» Your goal:
Only the lines from the opening of the material through the line bearing "Kimono Pantolon Kumaş Takım 30054 - Siyah" should be reproduced, exactly and without pictures.

» Exercise data:
Segment Open

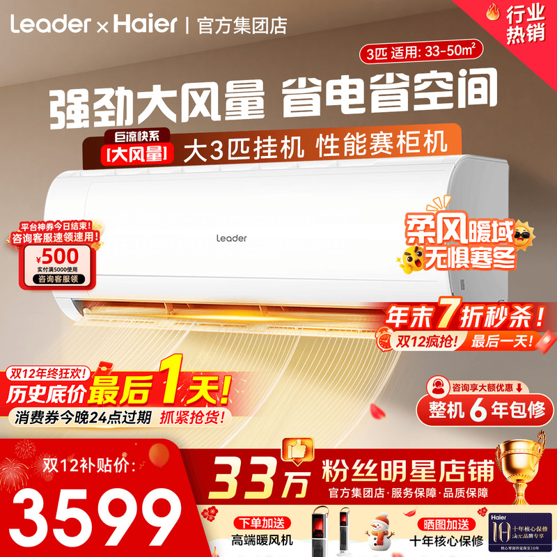 重磅新品]海尔统帅新风空调家用1.5匹一级变频卧室冷暖挂机旗舰店
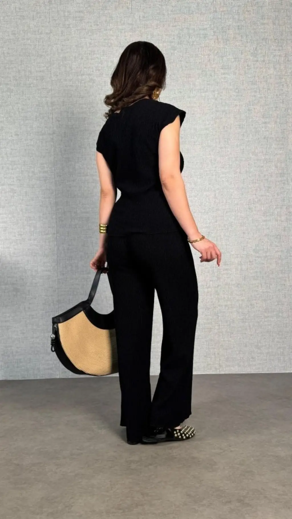 Kimono Pantolon Kumaş Takım 30054 - Siyah
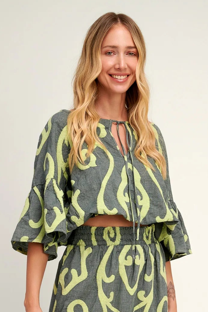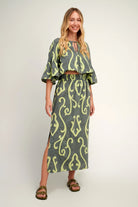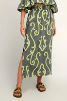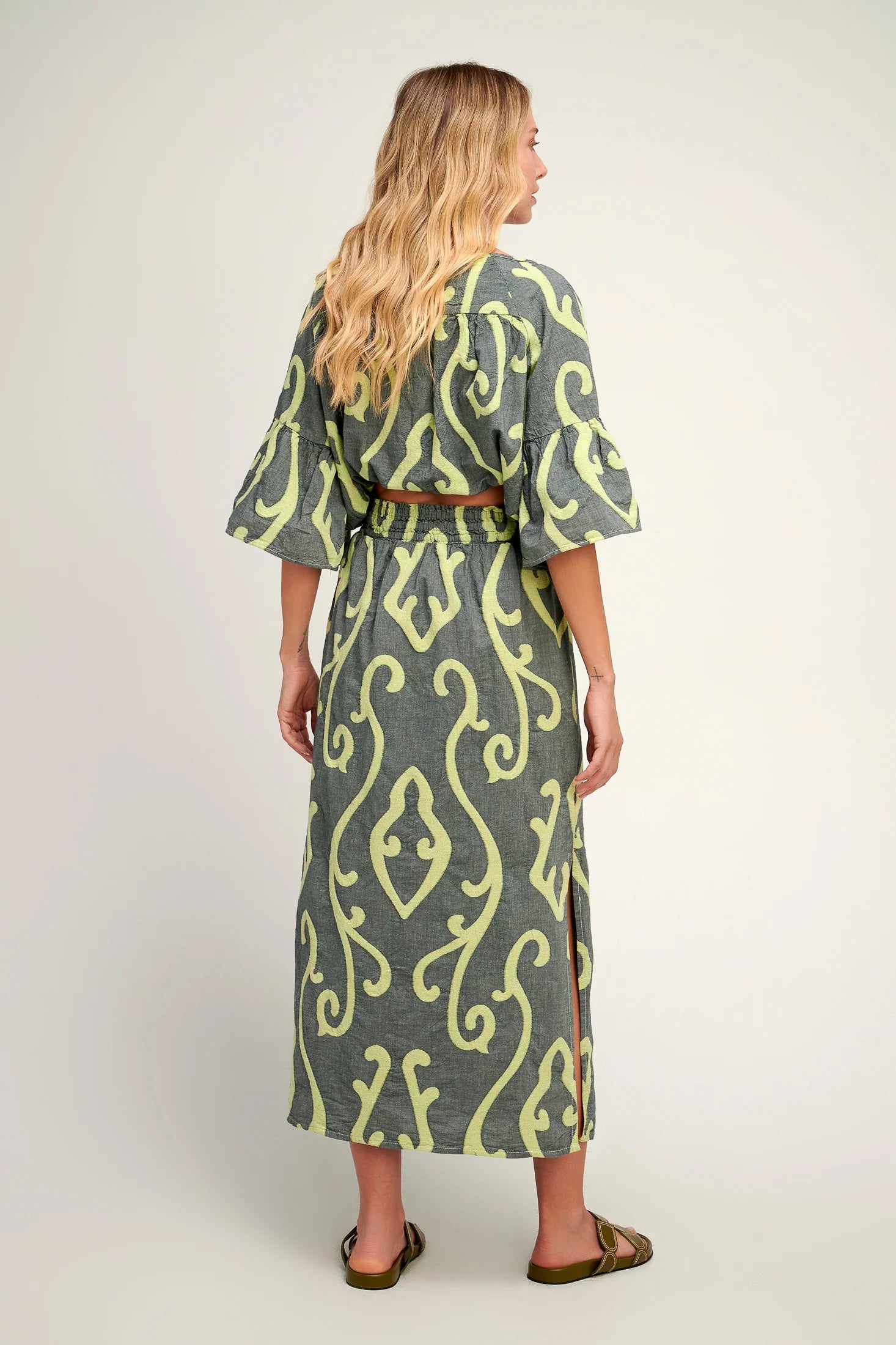 The Mykines Dark Green Zakar Set by Pearl & Caviar brings refined, understated elegance to your resort wardrobe, beautifully combining a boxy-style blouse with a sleek straight-cut skirt in a rich green Zakar jacquard. Crafted from 100% breathable cotton, the blouse features a soft, relaxed fit and chic neckline, while the skirt offers flattering structure and fluid movement courtesy of its side slits. Wear together for a coordinated look that balances comfort and sophistication, or pair individually with neutral staples for effortless versatility.

Segment Closed

» Solution to the problem:
 重磅新品]海尔统帅新风空调家用1.5匹一级变频卧室冷暖挂机旗舰店
 Kimono Pantolon Kumaş Takım 30054 - Siyah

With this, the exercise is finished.